Pogre ( member #86173) posted at 6:12 PM on Wednesday, July 1st, 2026
Pete, that's huge. I'll bet you felt a huge wave of relief that she did that.
My wife did the same, and like I said, I haven't even looked in a long time. I don't want to be a marriage warden either, but it sure was a great way for her to show transparency and made me feel a lot safer.
Your post just brightened up my morning a little bit. I can imagine what that did for you.
Where am I going... and why am I in this handbasket?
petecarparts (original poster member #87404) posted at 7:12 PM on Wednesday, July 1st, 2026
It certainly was.
And I'm doing my best not to think that she's taken anything "underground" as was suggested earlier this thread. I hope she hasn't dug in on keeping the affair going.
But time will tell and we'll see what happens moving forward.
For now I'm going to try and heal a bit, keep doing therapy and hope she keeps going too. I know she's not terribly fond of her current therapist, and I've mentioned that she can find another caregiver whenever, but I'm glad she's trying.
petecarparts (original poster member #87404) posted at 3:46 AM on Thursday, July 2nd, 2026
Just posting here because my wife’s at work now.

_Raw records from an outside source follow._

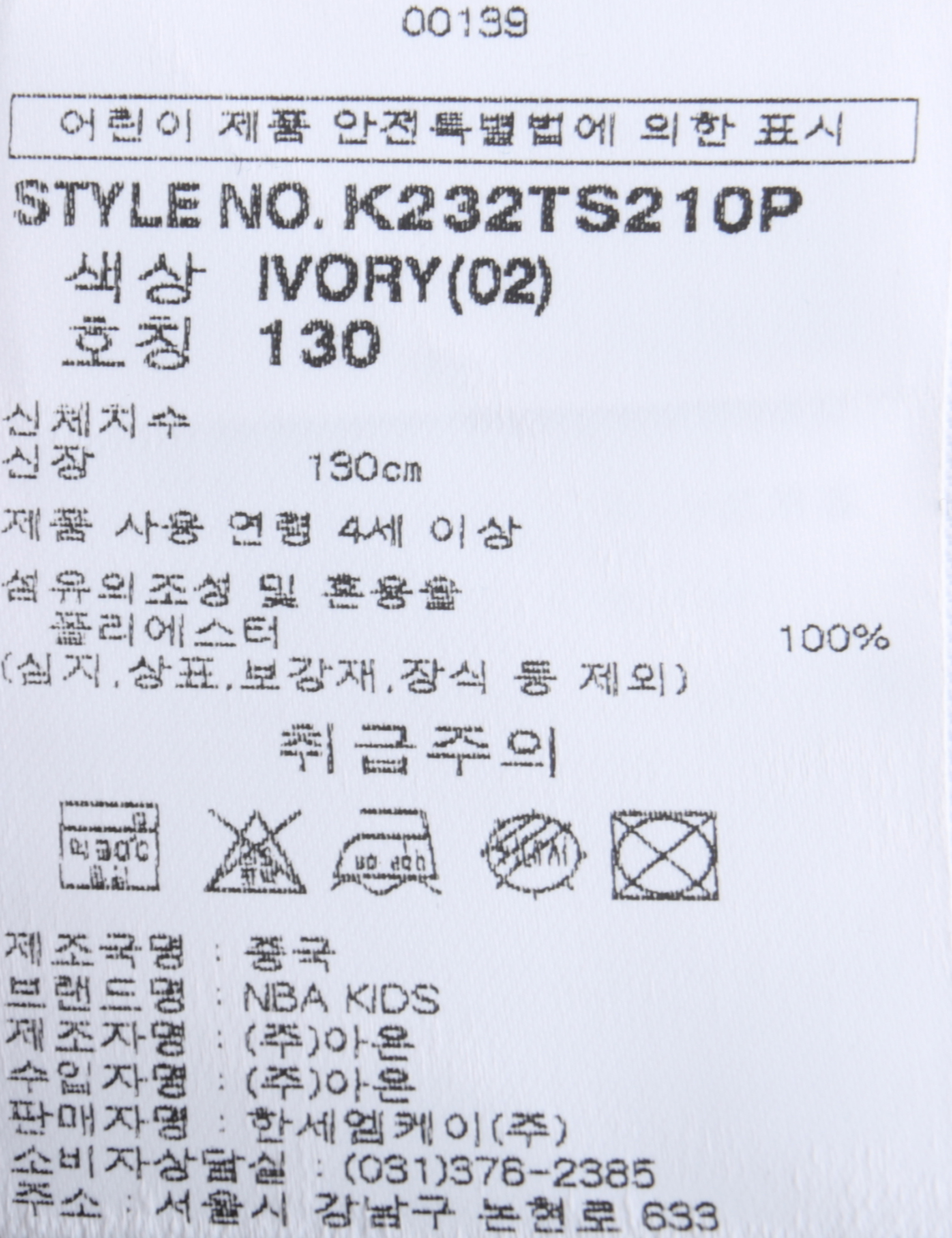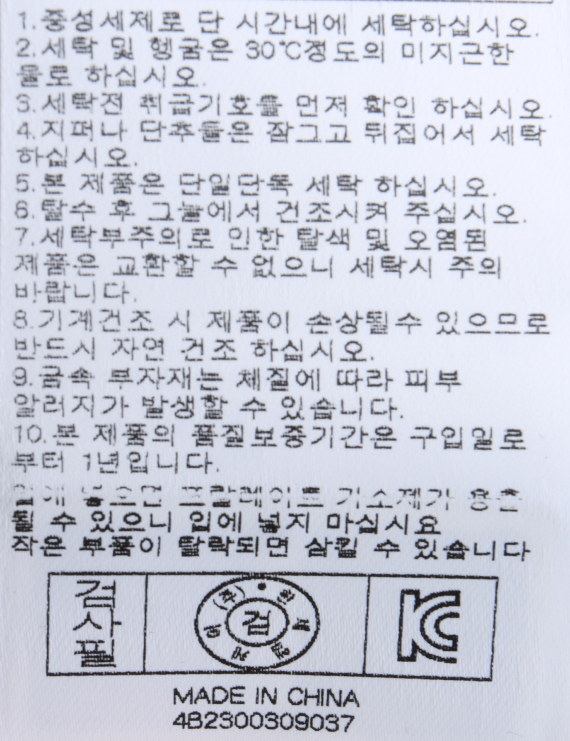 | 세탁방법 및 취급시 주의사항 | 중성세제로 단 시간내에 세탁하십시오.(케어라벨참고) |
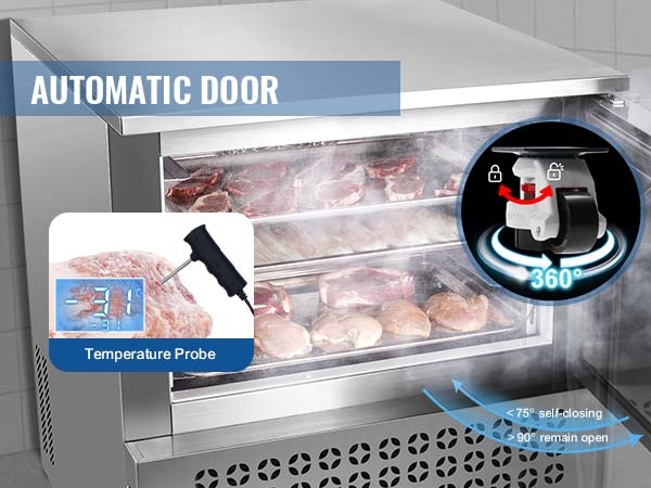 Pikalämpötilapakastimen tehokas jäähdytysjärjestelmä ja 360° kiertävä kylmä ilma laskevat kuumien ruokien lämpötilan noin 194℉/90℃ tasosta 37.4℉/3℃ tasolle noin 90 minuutissa. Pikalämpötilapakastustilassa lämpötila voidaan laskea 194℉/90℃ tasosta -0.4℉/-18℃ tasolle noin 240 minuutissa.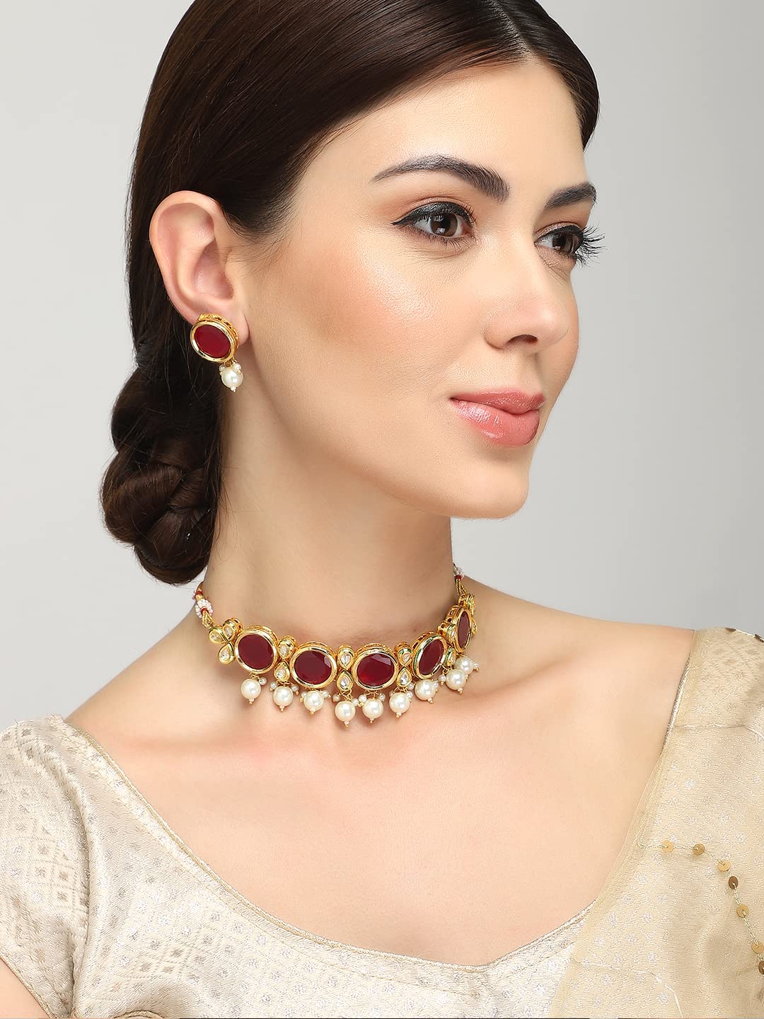 - This neck-hugging stone Necklace set is for those who like to ooze Class and Royalty, and adds an immediate sass to any look. An exclaiming royalty to your dignified looks, this exquisite freshwater/ Faux pearl Neclace Set are sure to steal the spotlight.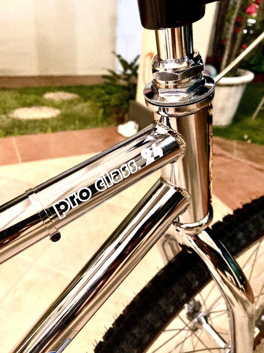 Braking is upgraded with 1999 Odyssey calipers front and rear, offering stronger stopping power while keeping a period-correct freestyle look. Rolling duties are handled by GT Tomahawk mags, featuring a Gen 1 rear and Gen 2 front, paired with original 1990s GT tires that complete the authentic setup. Reproduction pegs are installed for usability without compromising the bike’s overall originality.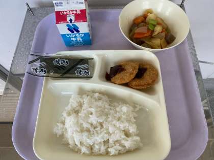 今日のメニューは、みそカツ、じゃがいもと野菜の煮もの、焼きのり、ごはん、牛乳でした。

She did tell me it’s a busy night since they had the World Cup on and that’s a good thing for making money of course. She told him not to come into the brewery, but I’m struggling a bit with the "mini mind movies" here, just seeing him in there and her not telling me…
How do you all deal with those feelings/moments like this? How do you quiet your mind?
Lurker89 ( new member #83259) posted at 9:07 AM on Thursday, July 2nd, 2026
Relatable. The mind movies are/were a major source of pain early on.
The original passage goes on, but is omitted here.